Extracted entries:

§

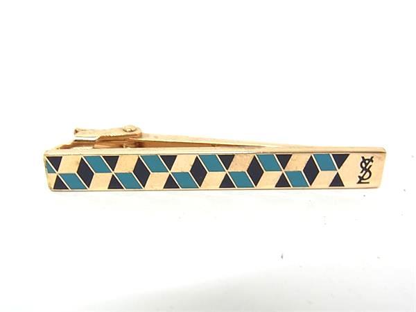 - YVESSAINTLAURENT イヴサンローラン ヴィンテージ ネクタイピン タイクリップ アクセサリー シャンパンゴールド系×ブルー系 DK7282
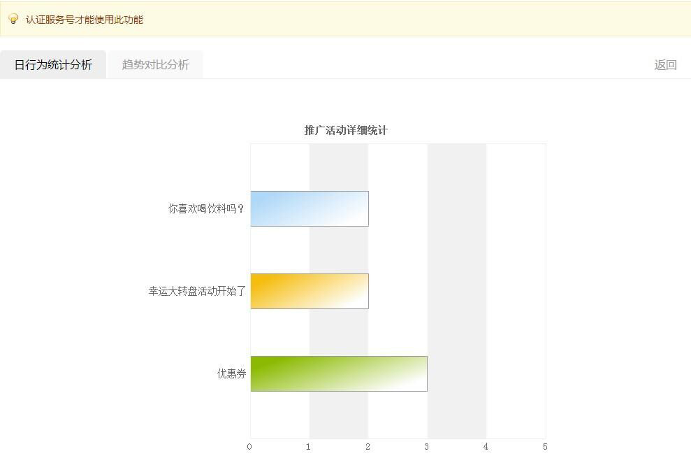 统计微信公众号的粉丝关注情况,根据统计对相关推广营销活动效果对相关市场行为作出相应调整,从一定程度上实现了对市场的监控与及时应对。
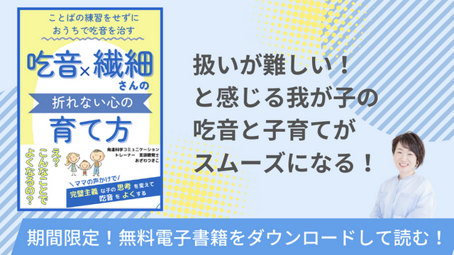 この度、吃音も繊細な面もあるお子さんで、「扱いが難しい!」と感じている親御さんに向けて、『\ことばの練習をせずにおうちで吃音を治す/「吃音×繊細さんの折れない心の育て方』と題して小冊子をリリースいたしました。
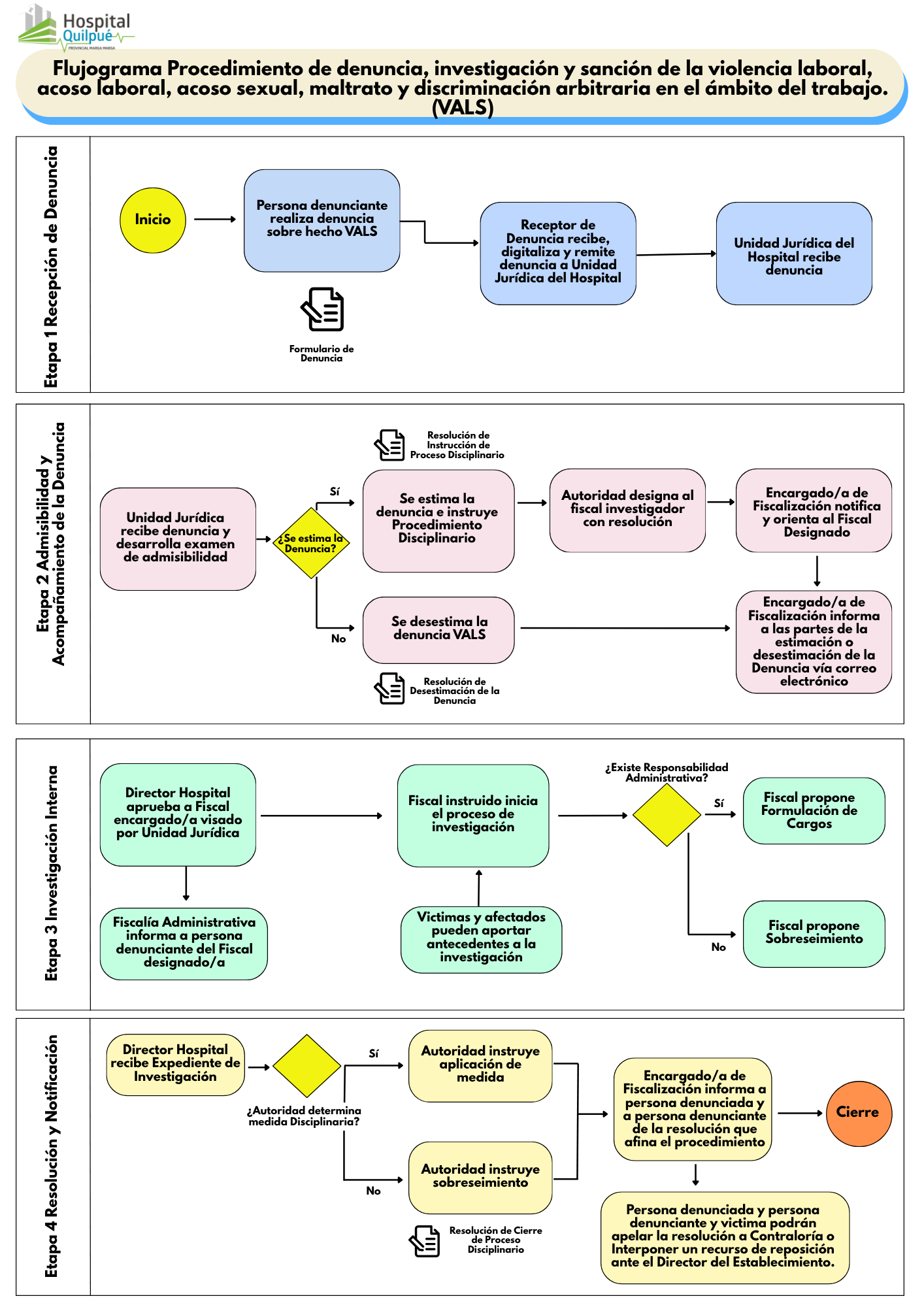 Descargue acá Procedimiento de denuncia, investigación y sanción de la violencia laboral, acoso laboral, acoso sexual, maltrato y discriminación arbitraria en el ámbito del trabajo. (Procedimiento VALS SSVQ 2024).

§

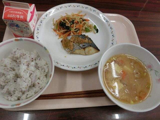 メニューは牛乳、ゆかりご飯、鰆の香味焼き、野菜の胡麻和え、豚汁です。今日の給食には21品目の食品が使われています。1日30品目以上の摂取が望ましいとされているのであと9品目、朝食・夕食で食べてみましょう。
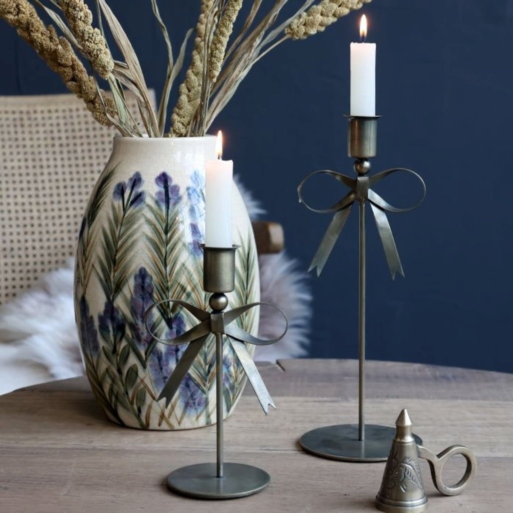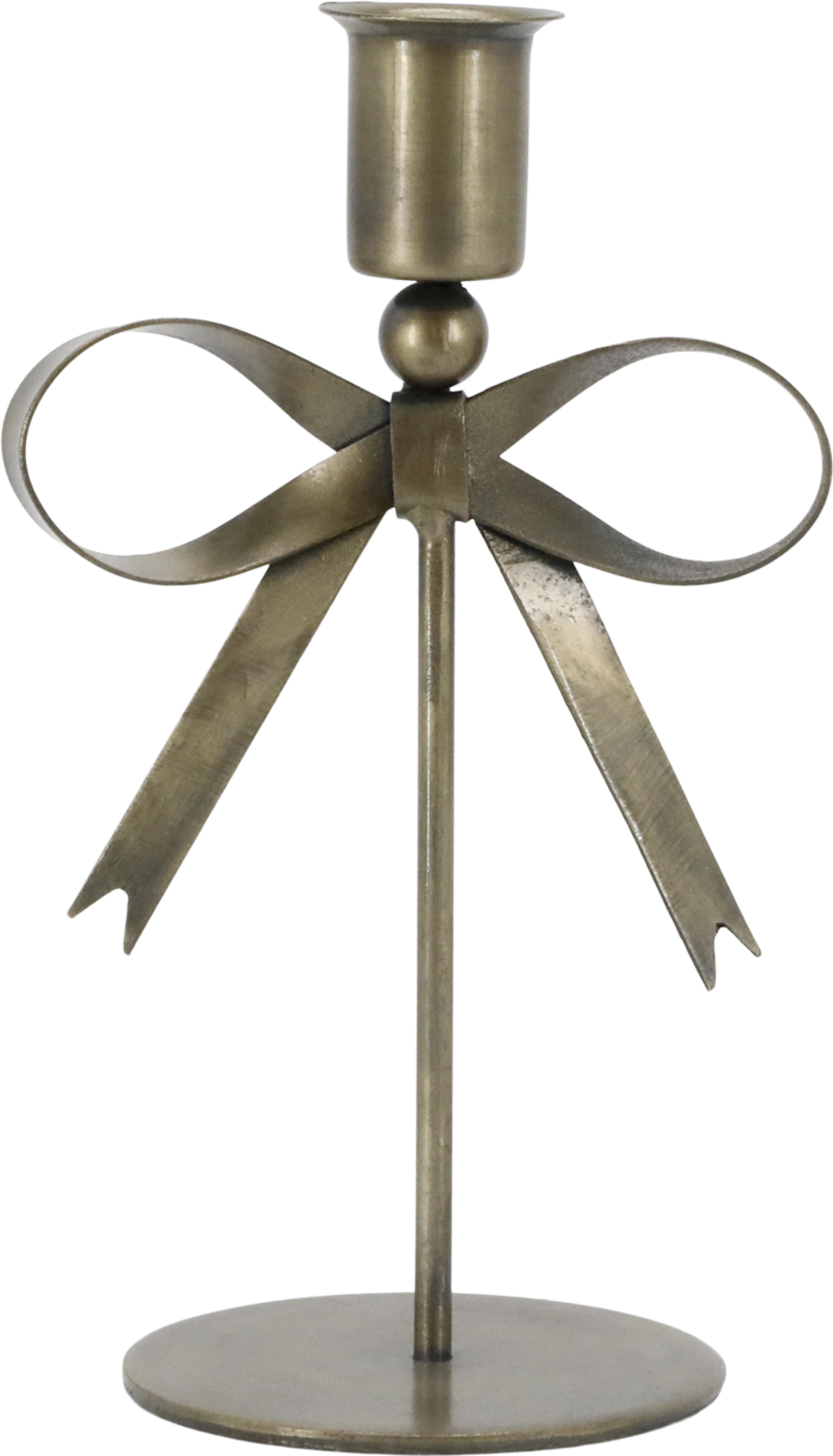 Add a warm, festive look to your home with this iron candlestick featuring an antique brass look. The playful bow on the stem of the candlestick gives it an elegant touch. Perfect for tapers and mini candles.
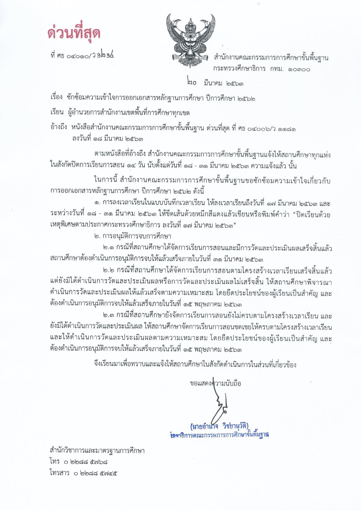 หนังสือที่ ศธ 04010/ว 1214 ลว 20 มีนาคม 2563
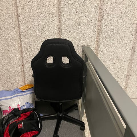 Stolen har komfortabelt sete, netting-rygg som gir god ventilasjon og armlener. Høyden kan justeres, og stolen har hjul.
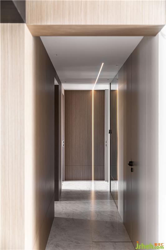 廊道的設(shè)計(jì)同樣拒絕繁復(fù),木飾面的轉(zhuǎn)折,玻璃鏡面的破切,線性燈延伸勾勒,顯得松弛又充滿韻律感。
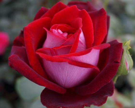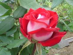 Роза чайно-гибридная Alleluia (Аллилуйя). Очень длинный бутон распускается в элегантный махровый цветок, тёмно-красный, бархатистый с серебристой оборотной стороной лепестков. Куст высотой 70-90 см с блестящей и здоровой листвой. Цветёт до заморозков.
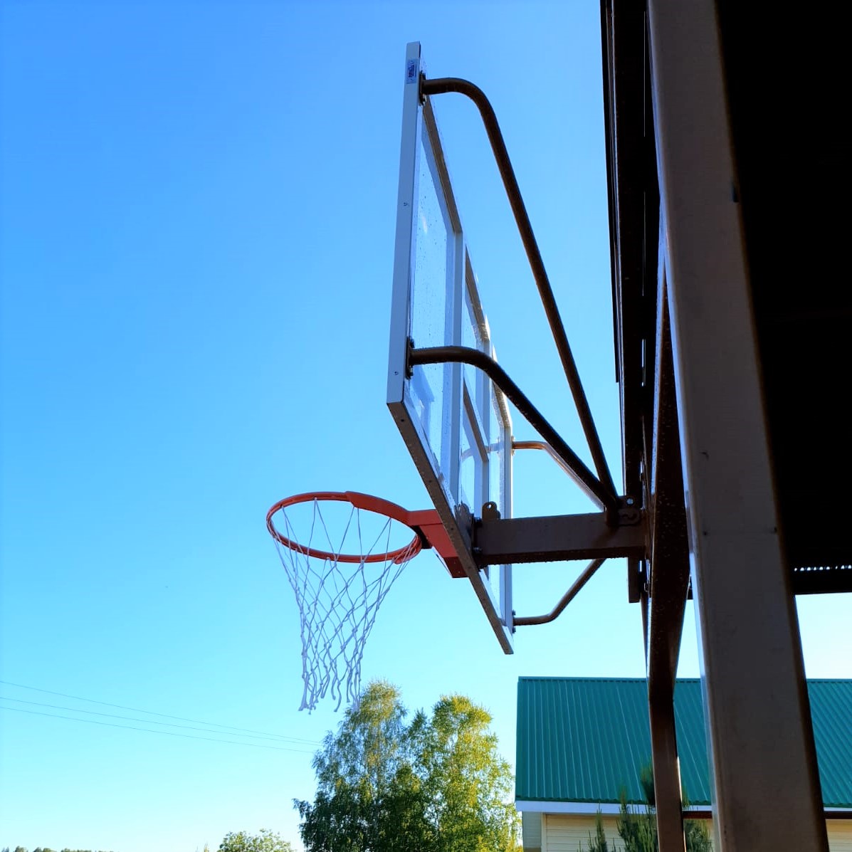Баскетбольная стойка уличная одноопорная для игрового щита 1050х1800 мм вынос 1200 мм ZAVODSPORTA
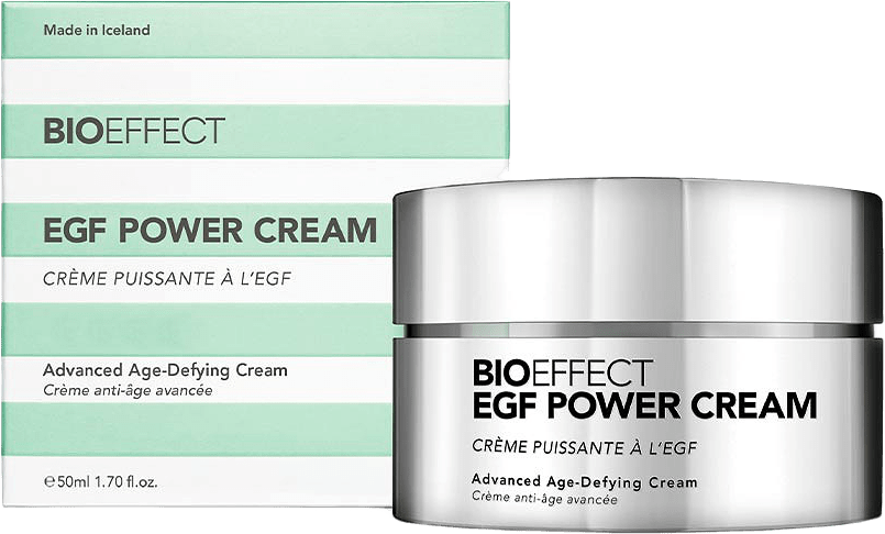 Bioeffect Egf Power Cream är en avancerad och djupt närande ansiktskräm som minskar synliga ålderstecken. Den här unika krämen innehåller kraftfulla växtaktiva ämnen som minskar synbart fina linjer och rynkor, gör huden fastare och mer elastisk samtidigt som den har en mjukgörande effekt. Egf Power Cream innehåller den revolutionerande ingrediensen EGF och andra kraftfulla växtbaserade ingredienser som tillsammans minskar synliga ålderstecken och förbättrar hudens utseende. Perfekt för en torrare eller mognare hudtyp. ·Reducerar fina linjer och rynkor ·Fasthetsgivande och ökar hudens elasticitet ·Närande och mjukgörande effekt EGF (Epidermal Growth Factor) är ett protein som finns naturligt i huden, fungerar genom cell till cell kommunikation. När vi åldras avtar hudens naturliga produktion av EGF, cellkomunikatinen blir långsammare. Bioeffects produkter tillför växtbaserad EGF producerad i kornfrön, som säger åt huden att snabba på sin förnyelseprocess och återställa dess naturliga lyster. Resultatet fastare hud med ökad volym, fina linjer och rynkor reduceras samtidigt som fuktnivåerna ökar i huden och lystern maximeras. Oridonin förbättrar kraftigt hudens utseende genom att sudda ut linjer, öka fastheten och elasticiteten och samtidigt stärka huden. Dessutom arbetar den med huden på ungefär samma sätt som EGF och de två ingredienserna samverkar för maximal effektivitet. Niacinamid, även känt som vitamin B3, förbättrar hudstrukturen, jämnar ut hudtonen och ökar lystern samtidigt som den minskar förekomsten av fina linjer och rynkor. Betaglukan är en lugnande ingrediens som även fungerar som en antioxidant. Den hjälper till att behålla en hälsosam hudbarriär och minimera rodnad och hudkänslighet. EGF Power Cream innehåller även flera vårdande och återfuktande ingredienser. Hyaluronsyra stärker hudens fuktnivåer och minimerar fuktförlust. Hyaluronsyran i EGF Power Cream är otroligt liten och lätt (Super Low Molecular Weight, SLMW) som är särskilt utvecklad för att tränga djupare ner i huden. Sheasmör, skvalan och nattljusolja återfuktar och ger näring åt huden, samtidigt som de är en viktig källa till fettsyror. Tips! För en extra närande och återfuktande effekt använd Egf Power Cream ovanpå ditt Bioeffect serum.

§

Aim of the exercise: Pictures excluded, give again exactly and only the lines of the material above from the line with "- YVESSAINTLAURENT イヴサンローラン" through the line with "この度、吃音も繊細な面もある".

Task solution:
 - YVESSAINTLAURENT イヴサンローラン ヴィンテージ ネクタイピン タイクリップ アクセサリー シャンパンゴールド系×ブルー系 DK7282
 统计微信公众号的粉丝关注情况,根据统计对相关推广营销活动效果对相关市场行为作出相应调整,从一定程度上实现了对市场的监控与及时应对。
 この度、吃音も繊細な面もあるお子さんで、「扱いが難しい!」と感じている親御さんに向けて、『\ことばの練習をせずにおうちで吃音を治す/「吃音×繊細さんの折れない心の育て方』と題して小冊子をリリースいたしました。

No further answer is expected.